Stored data
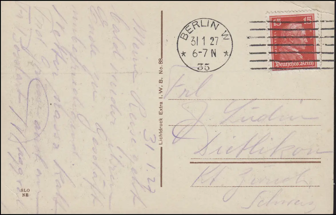 AK Berlin - mit Dom und Friedrichsbrücke, BERLIN 31.1.27 nach Dietlikon
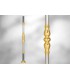 D’une esthétique plus moderne, la série "HARMONIE" se distingue particulièrement par sa finition bicolore : "Laiton-Inox". Après vernissage, la partie centrale est emballée sous un film plastique qui doit rester en place jusqu’à la fin des travaux. Les extrémités sont en fer rond brut, permettant ainsi l’assemblage de la rampe par soudure à l’arc ou vissage. Ces extrémités ainsi que les lisses sont à peindre avec une peinture mate ou satinée, assortie à la décoration environnante. Produit conçus exclusivement pour l'intérieur.
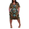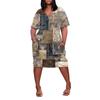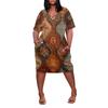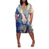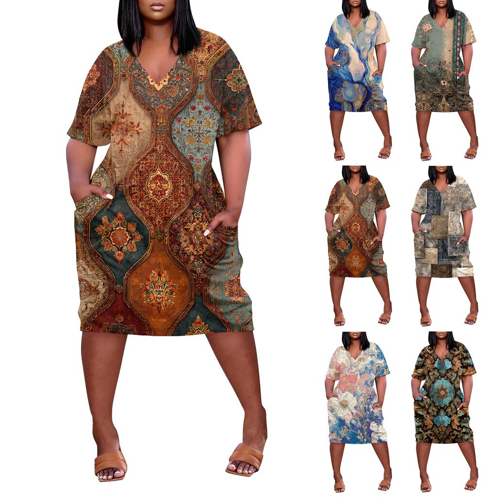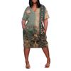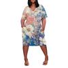 Letní nadměrné velikosti V výstřih krátký rukáv ke kolenům kapsa potisk ležérní šaty pro ženy

What to do
Please print the listing above again word for word, without its pictures.

Answer space
 AK Berlin - mit Dom und Friedrichsbrücke, BERLIN 31.1.27 nach Dietlikon
 D’une esthétique plus moderne, la série "HARMONIE" se distingue particulièrement par sa finition bicolore : "Laiton-Inox". Après vernissage, la partie centrale est emballée sous un film plastique qui doit rester en place jusqu’à la fin des travaux. Les extrémités sont en fer rond brut, permettant ainsi l’assemblage de la rampe par soudure à l’arc ou vissage. Ces extrémités ainsi que les lisses sont à peindre avec une peinture mate ou satinée, assortie à la décoration environnante. Produit conçus exclusivement pour l'intérieur.
 Letní nadměrné velikosti V výstřih krátký rukáv ke kolenům kapsa potisk ležérní šaty pro ženy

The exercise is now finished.